YOUR INSTRUCTIONS:
Print all of the entries exactly, minus the pictures.

Records drawn from a dataset
☆ ☆ ☆ ☆ ☆

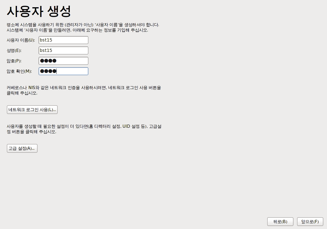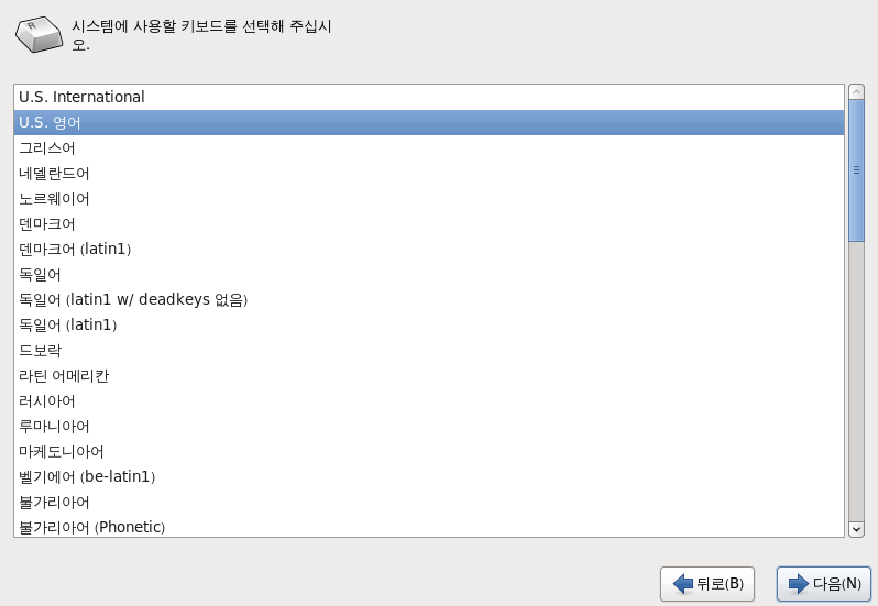 10. 설치언어 : 한국어, 시스템에 사용할 키보드 : U.S 영어 선택
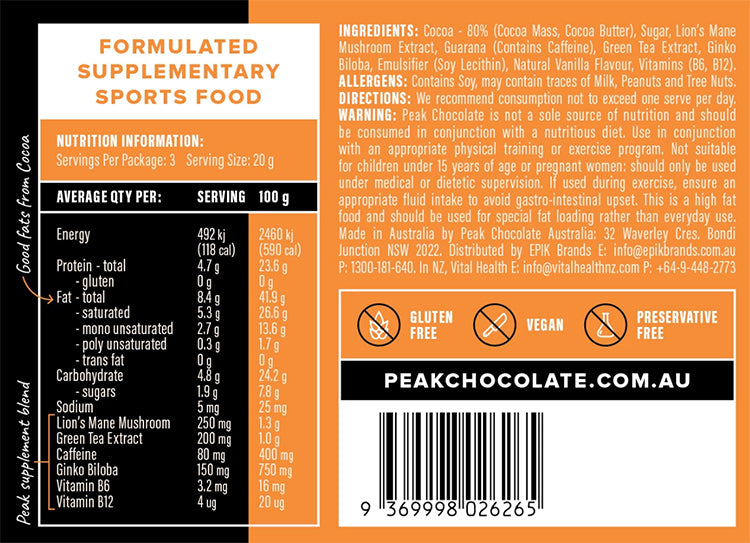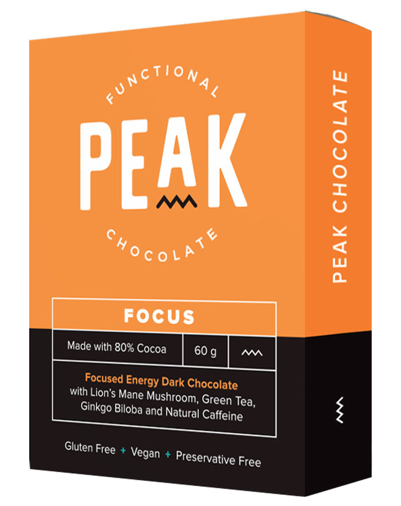 Increase your mental energy from high quality dark chocolate with the performance benefits of the Peak Focus blend of natural Nootropics including Lion’s Mane Mushroom, Green Tea Extract, Ginkgo Biloba, Natural Caffeine and B Vitamins.
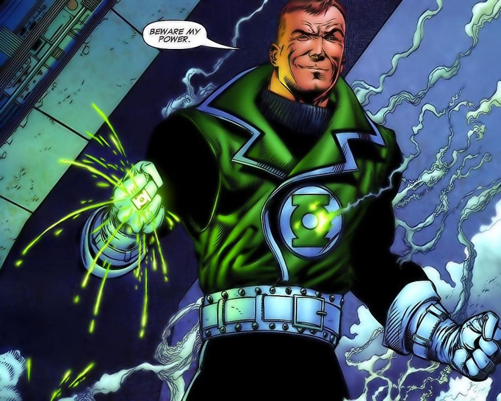 Description: A man in a green suit holding a green light up hand and a comic bubble above his head and a comic bubble above his head.
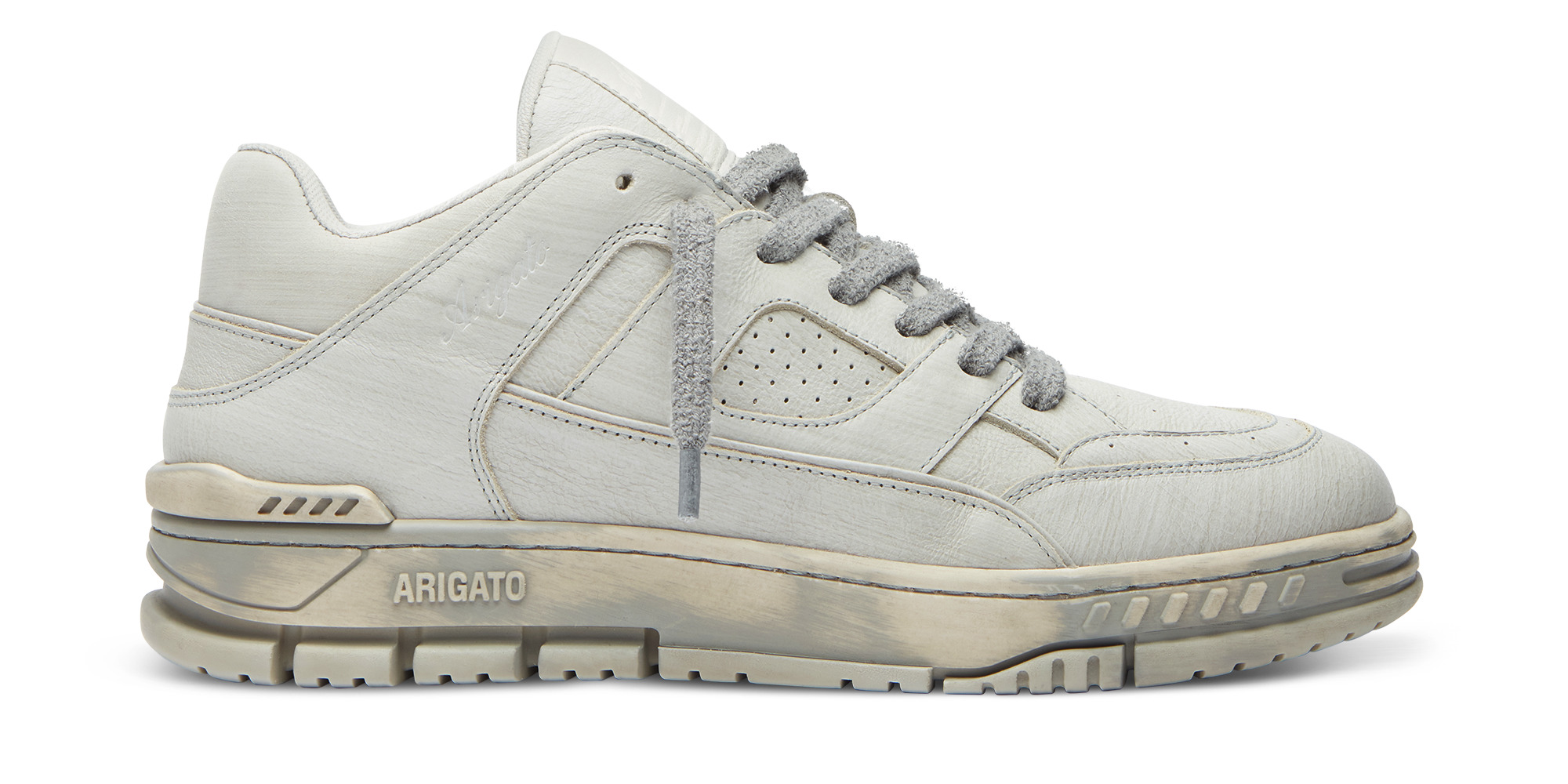The Area Lo sneaker pays homage to ‘90s basketball styles. Handcrafted from premium leather, it has paneled uppers finished with perforations and heel spoilers. Style Details - Upper: 100% Leather - Lining: 90% Recycled Polyester, 10% PU - Sole: 100% TR - Height measures 37mm - European sizing - Debossed logo stamp - Branded woven label - Flat textured laces - Handcrafted in Portugal
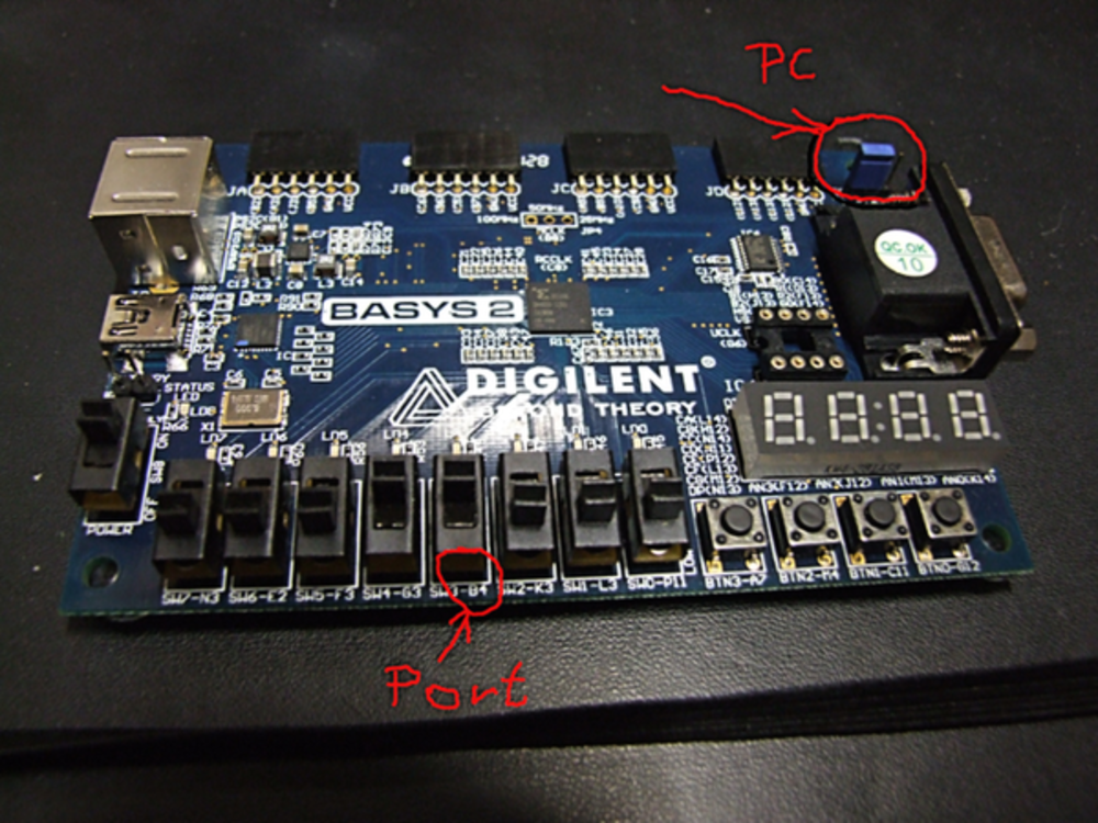 Das Board kann im RAM- oder im ROM-Modus betrieben werden; für unsere Übungen verwenden wir RAM-Modus (d.h. nach Stromausschalten sind ist das FPGA gelöscht) ==> JP3 auf PC stellen
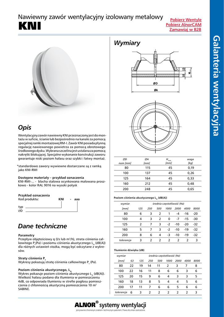 Nawiewny zawór wentylacyjny izolowany metalowy KNI Pobierz Wentyle Pobierz AlnorCAM Zamawiaj w B2B Galanteria wentylacyjna max Wymiary D Opis Wentylacyjny zawór nawiewny KNI przeznaczony jest do mon tażu w suficie, ścianie lub bezpośrednio na kanale za pomocą specjalnej ramki montażowej RM-I. Zawór KNI posiada płynną regulację nawiewanego powietrza za pomocą obrotowego środkowego dysku. Wybrana szczelina jest ustalana za pomocą nakrętki blokującej. Specjalne wykonanie konstrukcji zaworu gwarantuje niski poziom hałasu oraz szybki i łatwy montaż. *standardowo zawory wywiewne dostarczane są z ramką jako KNI-RMI Dostępne materiały – przykład oznaczenia KNI-RMI-... - blacha stalowa ocynkowana malowana proszkowo - kolor RAL 9016 na wysoki połysk Przykład oznaczenia Kod produktu: KNI -aaa D nom [mm] A [mm] Hmax [mm] 80 115 45 0,19 100 137 45 0,26 125 164 45 0,33 160 212 45 0,48 200 248 45 0,65 Poziom ciśnienia akustycznego L A (dB(A)) wymiar typ D Dane techniczne Parametry Przepływ objętościowy q (l/s lub m3/h), strata ciśnienia cał kowitego P t(Pa) i poziomu ciśnienia akustycznego L A (dB(A)) dla różnych ustawień stożka, mogą być odczytane z wykre sów. Straty ciśnienia P t Wykresy pokazują stratę ciśnienia całkowitego P t (Pa). waga [kg] średnia częstotliwość (Hz) [mm] 125 250 500 80 6 3 2 1000 2000 1 -4 100 4 3 2 0 125 2 7 3 -2 4000 8000 -16 -20 -7 -15 -30 -10 -20 -32 160 5 7 3 -2 -10 -19 -32 200 8 6 4 -3 -10 -19 -32 tolerancja 3 2 2 2 2 2 3 4000 8000 Tłumienie dźwięku (dB) wymiar [mm] 80 Poziom ciśnienia akustycznego, L A 100 Wykres pokazuje poziom ciśnienia akustycznego L A (dB(A)). 125 Wielkość hałasu podano dla tłumienia w pomieszczeniu 4dB, co odpowiada tłumieniu w strefie pogłosu pomiesz 160 czenia z chłonnością akustyczną pomieszczenia 10 m2 200 SABINE. http://www.alnor.com.pl/prod ukty_pl/kratki,-nawiewniki-i-puszki.html tolerancja średnia częstotliwość (Hz) 63 125 250 500 1000 2000 22 19 14 11 2 3 7 8 22 16 11 8 6 6 3 6 20 15 9 6 4 3 3 5 18 13 8 5 4 4 5 6 17 11 7 6 6 5 6 6 6 3 2 2 2 2 2 3 ALNOR® systemy wentylacji jest prawnie chronionym znakiem i technicznym patentem. Prawo do zmian zastrzeżone. Nawiewny zawór wentylacyjny izolowany metalowy Dane techniczne Wykresy doboru pozycja [mm] pozycja [mm] 5 5 strata ciśnienia P t [Pa] strata ciśnienia P t [Pa] 10 15 qv [l/s] qv [l/s] qv [m3/h] qv [m3/h] przepływ przepływ pozycja [mm] pozycja [mm] 10 10 20 30 strata ciśnienia P t [Pa] strata ciśnienia P t [Pa] 20 qv [l/s] qv [l/s] qv [m3/h] pozycja [mm] 1 10 qv [m3/h] przepływ przepływ 20 30 strata ciśnienia P t [Pa] Galanteria wentylacyjna KNI Pobierz Wentyle Pobierz AlnorCAM Zamawiaj w B2B qv [l/s] http://www.alnor.com.pl/produkty_pl/kratki,-nawiewniki-i-p uszki.html qv [m3/h] przepływ ALNOR® systemy wentylacji jest prawnie chronionym znakiem i technicznym patentem. Prawo do zmian zastrzeżone.
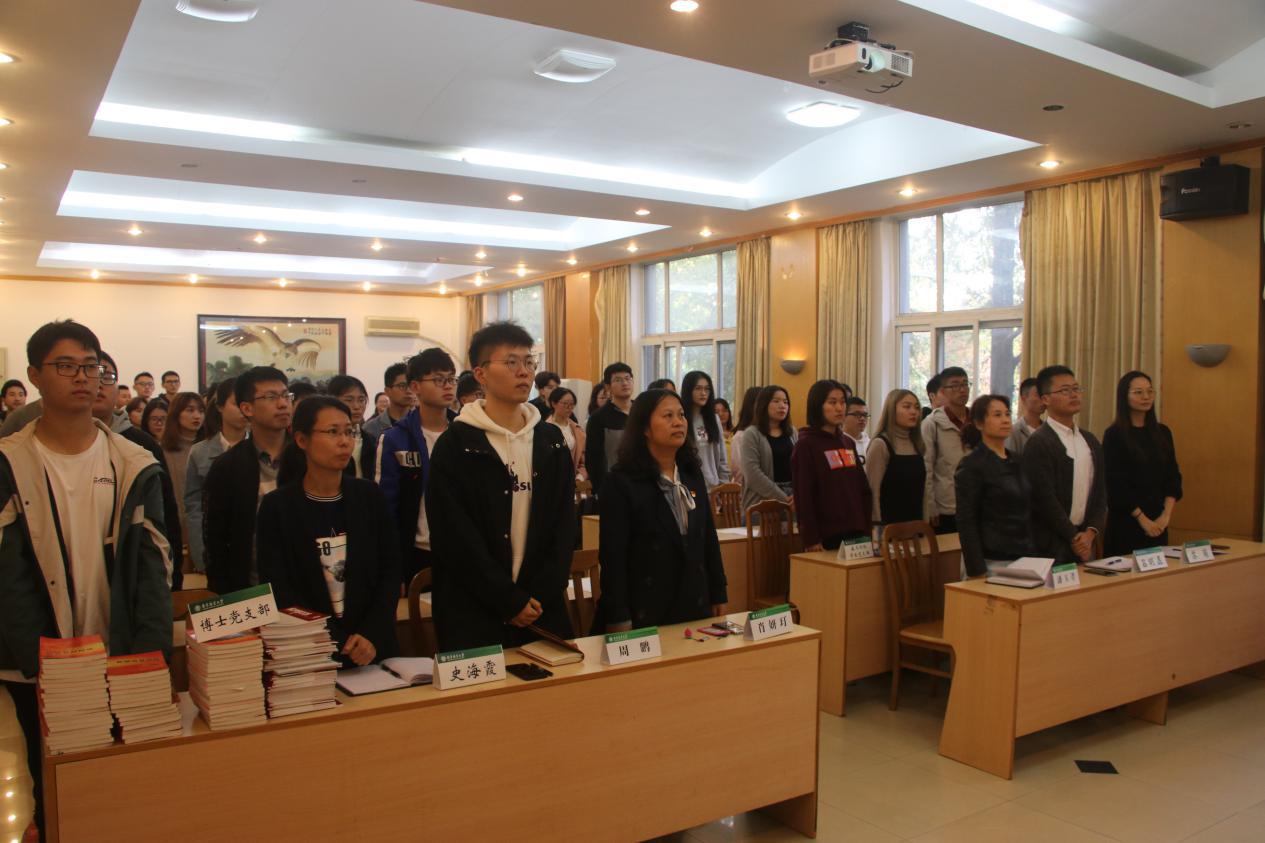 本次党员培训课在雄壮的国歌声中开始。国歌奏唱完毕后,在肖书记的领誓下,全体党员重温了入党誓词,牢记使命,不忘入党初心。

☆ ☆ ☆ ☆ ☆

YOUR SOLUTION:
 10. 설치언어 : 한국어, 시스템에 사용할 키보드 : U.S 영어 선택
 Increase your mental energy from high quality dark chocolate with the performance benefits of the Peak Focus blend of natural Nootropics including Lion’s Mane Mushroom, Green Tea Extract, Ginkgo Biloba, Natural Caffeine and B Vitamins.
 Description: A man in a green suit holding a green light up hand and a comic bubble above his head and a comic bubble above his head.
The Area Lo sneaker pays homage to ‘90s basketball styles. Handcrafted from premium leather, it has paneled uppers finished with perforations and heel spoilers. Style Details - Upper: 100% Leather - Lining: 90% Recycled Polyester, 10% PU - Sole: 100% TR - Height measures 37mm - European sizing - Debossed logo stamp - Branded woven label - Flat textured laces - Handcrafted in Portugal
 Das Board kann im RAM- oder im ROM-Modus betrieben werden; für unsere Übungen verwenden wir RAM-Modus (d.h. nach Stromausschalten sind ist das FPGA gelöscht) ==> JP3 auf PC stellen
 Nawiewny zawór wentylacyjny izolowany metalowy KNI Pobierz Wentyle Pobierz AlnorCAM Zamawiaj w B2B Galanteria wentylacyjna max Wymiary D Opis Wentylacyjny zawór nawiewny KNI przeznaczony jest do mon tażu w suficie, ścianie lub bezpośrednio na kanale za pomocą specjalnej ramki montażowej RM-I. Zawór KNI posiada płynną regulację nawiewanego powietrza za pomocą obrotowego środkowego dysku. Wybrana szczelina jest ustalana za pomocą nakrętki blokującej. Specjalne wykonanie konstrukcji zaworu gwarantuje niski poziom hałasu oraz szybki i łatwy montaż. *standardowo zawory wywiewne dostarczane są z ramką jako KNI-RMI Dostępne materiały – przykład oznaczenia KNI-RMI-... - blacha stalowa ocynkowana malowana proszkowo - kolor RAL 9016 na wysoki połysk Przykład oznaczenia Kod produktu: KNI -aaa D nom [mm] A [mm] Hmax [mm] 80 115 45 0,19 100 137 45 0,26 125 164 45 0,33 160 212 45 0,48 200 248 45 0,65 Poziom ciśnienia akustycznego L A (dB(A)) wymiar typ D Dane techniczne Parametry Przepływ objętościowy q (l/s lub m3/h), strata ciśnienia cał kowitego P t(Pa) i poziomu ciśnienia akustycznego L A (dB(A)) dla różnych ustawień stożka, mogą być odczytane z wykre sów. Straty ciśnienia P t Wykresy pokazują stratę ciśnienia całkowitego P t (Pa). waga [kg] średnia częstotliwość (Hz) [mm] 125 250 500 80 6 3 2 1000 2000 1 -4 100 4 3 2 0 125 2 7 3 -2 4000 8000 -16 -20 -7 -15 -30 -10 -20 -32 160 5 7 3 -2 -10 -19 -32 200 8 6 4 -3 -10 -19 -32 tolerancja 3 2 2 2 2 2 3 4000 8000 Tłumienie dźwięku (dB) wymiar [mm] 80 Poziom ciśnienia akustycznego, L A 100 Wykres pokazuje poziom ciśnienia akustycznego L A (dB(A)). 125 Wielkość hałasu podano dla tłumienia w pomieszczeniu 4dB, co odpowiada tłumieniu w strefie pogłosu pomiesz 160 czenia z chłonnością akustyczną pomieszczenia 10 m2 200 SABINE. http://www.alnor.com.pl/prod ukty_pl/kratki,-nawiewniki-i-puszki.html tolerancja średnia częstotliwość (Hz) 63 125 250 500 1000 2000 22 19 14 11 2 3 7 8 22 16 11 8 6 6 3 6 20 15 9 6 4 3 3 5 18 13 8 5 4 4 5 6 17 11 7 6 6 5 6 6 6 3 2 2 2 2 2 3 ALNOR® systemy wentylacji jest prawnie chronionym znakiem i technicznym patentem. Prawo do zmian zastrzeżone. Nawiewny zawór wentylacyjny izolowany metalowy Dane techniczne Wykresy doboru pozycja [mm] pozycja [mm] 5 5 strata ciśnienia P t [Pa] strata ciśnienia P t [Pa] 10 15 qv [l/s] qv [l/s] qv [m3/h] qv [m3/h] przepływ przepływ pozycja [mm] pozycja [mm] 10 10 20 30 strata ciśnienia P t [Pa] strata ciśnienia P t [Pa] 20 qv [l/s] qv [l/s] qv [m3/h] pozycja [mm] 1 10 qv [m3/h] przepływ przepływ 20 30 strata ciśnienia P t [Pa] Galanteria wentylacyjna KNI Pobierz Wentyle Pobierz AlnorCAM Zamawiaj w B2B qv [l/s] http://www.alnor.com.pl/produkty_pl/kratki,-nawiewniki-i-p uszki.html qv [m3/h] przepływ ALNOR® systemy wentylacji jest prawnie chronionym znakiem i technicznym patentem. Prawo do zmian zastrzeżone.
 本次党员培训课在雄壮的国歌声中开始。国歌奏唱完毕后,在肖书记的领誓下,全体党员重温了入党誓词,牢记使命,不忘入党初心。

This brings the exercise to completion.